> [DATASET EXCERPT]
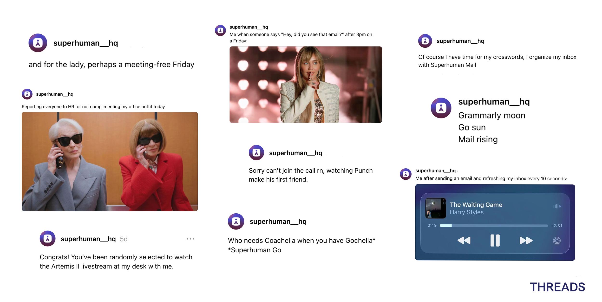 During my time with Born&Bred, Superhuman brought us in at the ground level — before their social presence existed. I helped build their channels from scratch across Instagram, LinkedIn, Threads, and X establishing the voice, creative approach, and content infrastructure that everything since has been built on.
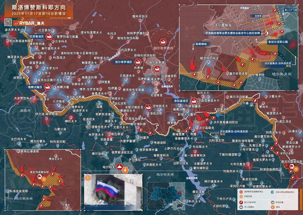 🚩斯洛博赞斯科耶方向 截至2025年11月20日的情况 在斯洛博赞斯科耶方向,俄军分队解放了德武列昌斯科耶。第18摩步师第9团官兵在镇中心升起了俄罗斯国旗。 至此,在斯洛博赞斯科耶与库皮扬斯克方向的结合部,一个延伸至俄罗斯边境的"口袋"区域已被消除。现在俄军有望向科洛德兹诺耶方向继续进攻,并沿上德武列奇纳亚河拉直战线。 📌沃尔昌斯克战线同样取得局部战果。敌军已被彻底驱逐至喷泉大街以东区域。乌军仅存的零星存在局限于古尔卡诺夫斯卡大街西侧的少数住宅建筑。 在沃尔昌斯克取得推进后,俄军继续向邻近的基尔皮奇诺耶(策格利诺耶)地区进攻,成功解放该定居点。截至11月18日,俄国防部宣布第69摩步师第82团突击分队已控制该镇,随后不久又将敌军从东部铁路沿线的林带和工业区清除,为进攻维利恰开辟了新战线。 控制区域向城南方向的扩展,使俄军能够通过北顿涅茨河畔林区继续向南推进,同时有效打击沃尔昌斯克城内及周边乌军居民点补给线的后勤系统。 ❗️尽管战线持续后撤,敌军仍未停止对俄罗斯边境地区的炮击,更持续发动无人机波次袭击。仅过去三天内已造成五名平民伤亡。 俄乌冲突新局势俄军最新进展热点观点 来源:RYBAR_渔夫
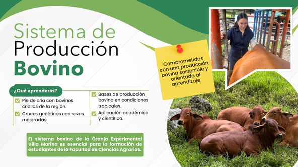 Este sistema se ha consolidado como un componente esencial para los procesos académicos de la Facultad de Ciencias Agrarias, ya que permite a los estudiantes desarrollar prácticas de campo y actividades de aprendizaje aplicadas. Gracias a la diversidad genética presente en el hato y a las condiciones reales de manejo, el espacio se convierte en un escenario ideal para la formulación y ejecución de trabajos de investigación. De esta manera, la producción bovina de Villa Marina no solo contribuye a la generación de conocimientos, sino también al fortalecimiento de competencias relacionadas con la producción ganadera en contextos tropicales.
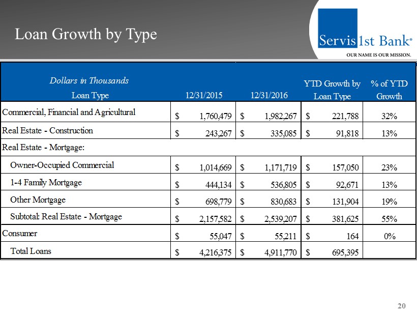 Loan Growth by Region 19 12/31/2015 12/31/2016 YTD Growth 2016 Growth Rate Birmingham, AL 1,944,161$ 2,155,907$ 211,746$ 11% Nashville, TN 268,987$ 403,490$ 134,503$ 50% Tampa Bay, FL -$ 68,966$ 68,966$ NA Mobile, AL 229,935$ 287,273$ 57,338$ 25% Dothan, AL 423,944$ 479,623$ 55,679$ 13% Charleston, SC 74,067$ 126,831$ 52,764$ 71% Huntsville, AL 445,547$ 490,926$ 45,379$ 10% Atlanta, GA 156,819$ 188,597$ 31,778$ 20% Pensacola, FL 310,000$ 340,745$ 30,745$ 10% Montgomery, AL 362,915$ 369,412$ 6,497$ 2% Total Loans 4,216,375$ 4,911,770$ 695,395$ 16% Dollars in Thousands Region

> [TASK DETAILS]
Transcribe the listing above exactly, leaving every picture out.

> [SOLUTION TO THIS EXERCISE]
 During my time with Born&Bred, Superhuman brought us in at the ground level — before their social presence existed. I helped build their channels from scratch across Instagram, LinkedIn, Threads, and X establishing the voice, creative approach, and content infrastructure that everything since has been built on.
 🚩斯洛博赞斯科耶方向 截至2025年11月20日的情况 在斯洛博赞斯科耶方向,俄军分队解放了德武列昌斯科耶。第18摩步师第9团官兵在镇中心升起了俄罗斯国旗。 至此,在斯洛博赞斯科耶与库皮扬斯克方向的结合部,一个延伸至俄罗斯边境的"口袋"区域已被消除。现在俄军有望向科洛德兹诺耶方向继续进攻,并沿上德武列奇纳亚河拉直战线。 📌沃尔昌斯克战线同样取得局部战果。敌军已被彻底驱逐至喷泉大街以东区域。乌军仅存的零星存在局限于古尔卡诺夫斯卡大街西侧的少数住宅建筑。 在沃尔昌斯克取得推进后,俄军继续向邻近的基尔皮奇诺耶(策格利诺耶)地区进攻,成功解放该定居点。截至11月18日,俄国防部宣布第69摩步师第82团突击分队已控制该镇,随后不久又将敌军从东部铁路沿线的林带和工业区清除,为进攻维利恰开辟了新战线。 控制区域向城南方向的扩展,使俄军能够通过北顿涅茨河畔林区继续向南推进,同时有效打击沃尔昌斯克城内及周边乌军居民点补给线的后勤系统。 ❗️尽管战线持续后撤,敌军仍未停止对俄罗斯边境地区的炮击,更持续发动无人机波次袭击。仅过去三天内已造成五名平民伤亡。 俄乌冲突新局势俄军最新进展热点观点 来源:RYBAR_渔夫
 Este sistema se ha consolidado como un componente esencial para los procesos académicos de la Facultad de Ciencias Agrarias, ya que permite a los estudiantes desarrollar prácticas de campo y actividades de aprendizaje aplicadas. Gracias a la diversidad genética presente en el hato y a las condiciones reales de manejo, el espacio se convierte en un escenario ideal para la formulación y ejecución de trabajos de investigación. De esta manera, la producción bovina de Villa Marina no solo contribuye a la generación de conocimientos, sino también al fortalecimiento de competencias relacionadas con la producción ganadera en contextos tropicales.
 Loan Growth by Region 19 12/31/2015 12/31/2016 YTD Growth 2016 Growth Rate Birmingham, AL 1,944,161$ 2,155,907$ 211,746$ 11% Nashville, TN 268,987$ 403,490$ 134,503$ 50% Tampa Bay, FL -$ 68,966$ 68,966$ NA Mobile, AL 229,935$ 287,273$ 57,338$ 25% Dothan, AL 423,944$ 479,623$ 55,679$ 13% Charleston, SC 74,067$ 126,831$ 52,764$ 71% Huntsville, AL 445,547$ 490,926$ 45,379$ 10% Atlanta, GA 156,819$ 188,597$ 31,778$ 20% Pensacola, FL 310,000$ 340,745$ 30,745$ 10% Montgomery, AL 362,915$ 369,412$ 6,497$ 2% Total Loans 4,216,375$ 4,911,770$ 695,395$ 16% Dollars in Thousands Region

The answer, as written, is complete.